▶ PROBLEM STATEMENT
Return only the lines of the data below from the line with "Mississippi State University’s" up to and including the line with "Maxine Moore Waters", exactly as written, with the pictures omitted.

▶ DATA SUPPLIED

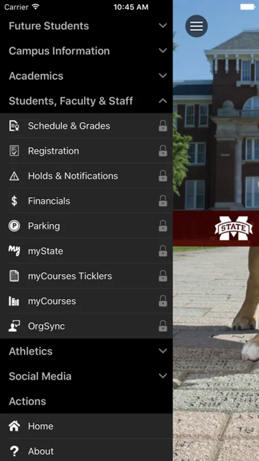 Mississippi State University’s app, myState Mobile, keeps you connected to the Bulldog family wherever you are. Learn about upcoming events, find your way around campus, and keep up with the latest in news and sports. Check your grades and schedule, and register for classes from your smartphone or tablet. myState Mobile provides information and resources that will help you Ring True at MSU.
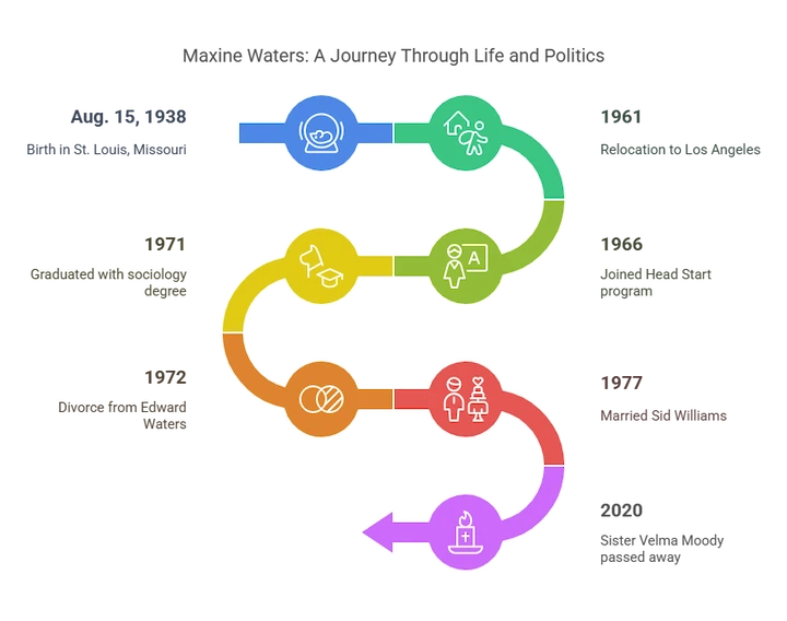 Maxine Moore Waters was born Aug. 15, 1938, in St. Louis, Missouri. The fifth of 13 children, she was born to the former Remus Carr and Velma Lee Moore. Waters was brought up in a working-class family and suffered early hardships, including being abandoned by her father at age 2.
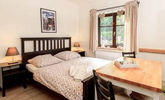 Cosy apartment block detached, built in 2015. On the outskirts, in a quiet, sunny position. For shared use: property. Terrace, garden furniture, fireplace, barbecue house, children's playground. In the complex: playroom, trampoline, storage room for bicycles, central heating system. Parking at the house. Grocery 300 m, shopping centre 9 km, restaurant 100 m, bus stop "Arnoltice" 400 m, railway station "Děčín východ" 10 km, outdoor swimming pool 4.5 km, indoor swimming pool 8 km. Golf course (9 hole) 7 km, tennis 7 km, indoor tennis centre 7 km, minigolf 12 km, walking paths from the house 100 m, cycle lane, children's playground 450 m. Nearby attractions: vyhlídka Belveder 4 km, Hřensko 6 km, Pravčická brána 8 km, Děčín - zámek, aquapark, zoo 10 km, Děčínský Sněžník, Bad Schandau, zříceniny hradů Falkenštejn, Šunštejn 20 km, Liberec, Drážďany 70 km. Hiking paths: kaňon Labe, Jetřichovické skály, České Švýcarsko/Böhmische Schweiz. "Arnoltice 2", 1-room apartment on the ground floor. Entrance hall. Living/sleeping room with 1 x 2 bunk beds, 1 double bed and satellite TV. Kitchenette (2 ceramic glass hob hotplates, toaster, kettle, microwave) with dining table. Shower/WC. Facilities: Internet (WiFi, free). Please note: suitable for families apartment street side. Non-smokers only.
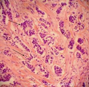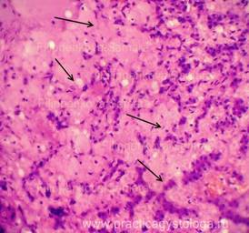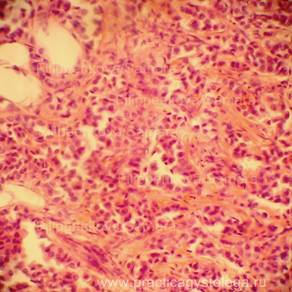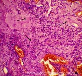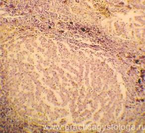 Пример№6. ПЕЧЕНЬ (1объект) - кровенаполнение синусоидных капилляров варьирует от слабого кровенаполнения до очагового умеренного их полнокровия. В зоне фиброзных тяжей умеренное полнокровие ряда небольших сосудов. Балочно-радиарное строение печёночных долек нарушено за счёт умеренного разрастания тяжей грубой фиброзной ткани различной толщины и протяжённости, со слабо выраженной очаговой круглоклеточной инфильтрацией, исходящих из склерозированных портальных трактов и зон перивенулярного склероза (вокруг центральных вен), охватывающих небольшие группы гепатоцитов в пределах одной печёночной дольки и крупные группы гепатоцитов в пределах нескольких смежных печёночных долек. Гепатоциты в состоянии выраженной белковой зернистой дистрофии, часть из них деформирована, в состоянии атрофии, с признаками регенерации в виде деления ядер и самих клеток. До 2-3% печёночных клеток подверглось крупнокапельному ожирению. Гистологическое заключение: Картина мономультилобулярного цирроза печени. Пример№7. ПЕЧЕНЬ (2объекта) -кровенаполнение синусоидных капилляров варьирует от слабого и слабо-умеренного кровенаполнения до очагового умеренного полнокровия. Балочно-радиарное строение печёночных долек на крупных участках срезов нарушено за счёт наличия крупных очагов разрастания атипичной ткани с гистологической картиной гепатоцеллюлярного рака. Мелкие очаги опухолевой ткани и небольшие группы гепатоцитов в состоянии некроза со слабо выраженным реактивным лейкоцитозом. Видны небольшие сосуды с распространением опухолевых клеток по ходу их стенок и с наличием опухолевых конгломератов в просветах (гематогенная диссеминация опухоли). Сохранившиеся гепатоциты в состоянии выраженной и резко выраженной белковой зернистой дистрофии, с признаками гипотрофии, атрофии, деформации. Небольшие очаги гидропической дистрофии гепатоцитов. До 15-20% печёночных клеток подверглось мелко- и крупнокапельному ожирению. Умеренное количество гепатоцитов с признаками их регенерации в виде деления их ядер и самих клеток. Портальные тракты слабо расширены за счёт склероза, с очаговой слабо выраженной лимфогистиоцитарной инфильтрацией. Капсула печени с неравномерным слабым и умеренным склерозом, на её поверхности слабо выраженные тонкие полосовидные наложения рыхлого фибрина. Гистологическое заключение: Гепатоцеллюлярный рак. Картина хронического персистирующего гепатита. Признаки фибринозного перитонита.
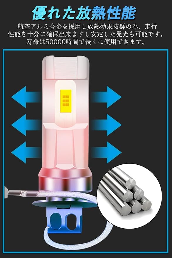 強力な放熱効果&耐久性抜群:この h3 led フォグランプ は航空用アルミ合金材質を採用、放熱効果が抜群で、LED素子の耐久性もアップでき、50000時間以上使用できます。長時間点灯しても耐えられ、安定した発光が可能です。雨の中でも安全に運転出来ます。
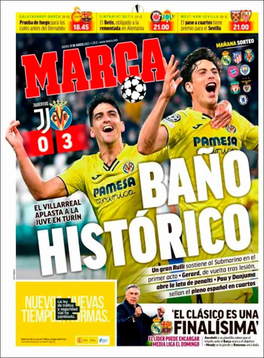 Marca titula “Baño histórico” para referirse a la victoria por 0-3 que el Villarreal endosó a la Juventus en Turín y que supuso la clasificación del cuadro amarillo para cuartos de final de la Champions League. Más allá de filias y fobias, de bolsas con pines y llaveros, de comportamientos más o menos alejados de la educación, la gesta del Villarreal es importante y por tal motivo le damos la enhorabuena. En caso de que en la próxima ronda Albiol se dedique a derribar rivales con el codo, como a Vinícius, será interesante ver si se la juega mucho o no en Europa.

==

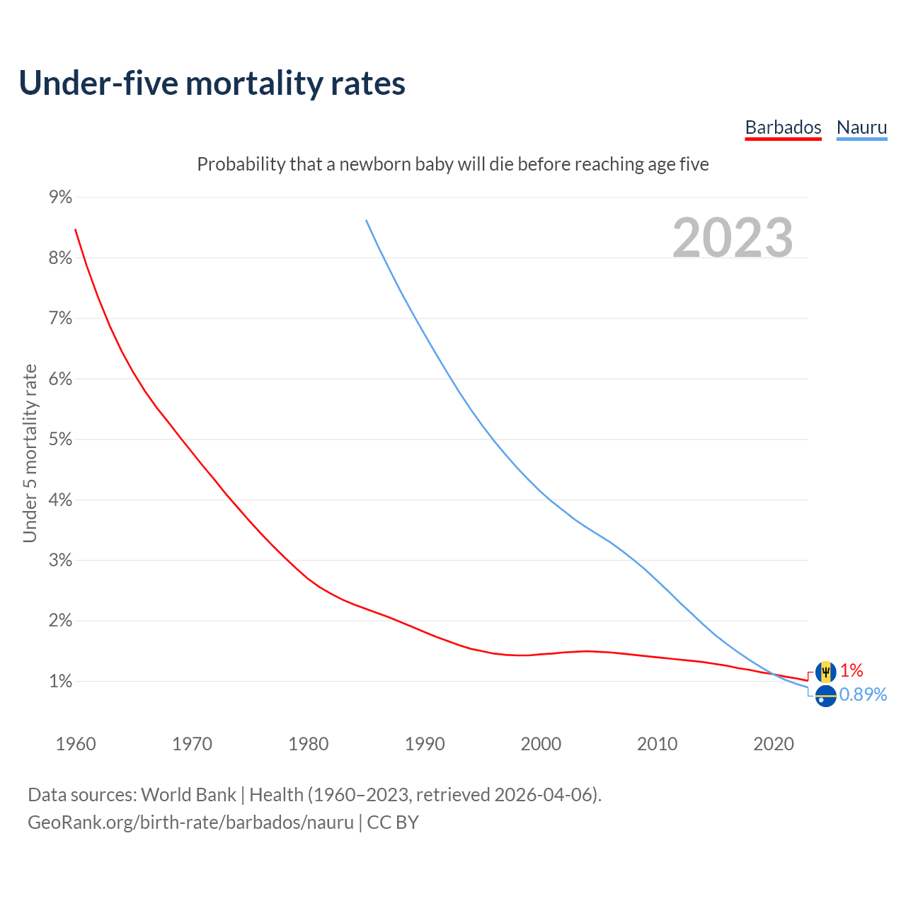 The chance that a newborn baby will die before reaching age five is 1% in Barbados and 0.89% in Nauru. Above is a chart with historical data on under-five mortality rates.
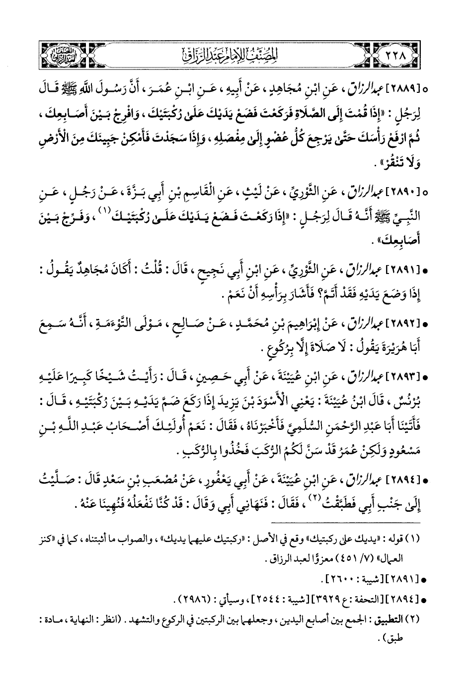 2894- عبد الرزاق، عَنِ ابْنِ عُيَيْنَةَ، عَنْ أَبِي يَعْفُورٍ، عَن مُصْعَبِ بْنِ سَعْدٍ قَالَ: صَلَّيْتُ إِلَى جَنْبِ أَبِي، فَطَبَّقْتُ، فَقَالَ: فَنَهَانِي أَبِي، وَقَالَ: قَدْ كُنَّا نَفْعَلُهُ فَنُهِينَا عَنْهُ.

▶ REPLY TO THE EXERCISE
 Mississippi State University’s app, myState Mobile, keeps you connected to the Bulldog family wherever you are. Learn about upcoming events, find your way around campus, and keep up with the latest in news and sports. Check your grades and schedule, and register for classes from your smartphone or tablet. myState Mobile provides information and resources that will help you Ring True at MSU.
 Maxine Moore Waters was born Aug. 15, 1938, in St. Louis, Missouri. The fifth of 13 children, she was born to the former Remus Carr and Velma Lee Moore. Waters was brought up in a working-class family and suffered early hardships, including being abandoned by her father at age 2.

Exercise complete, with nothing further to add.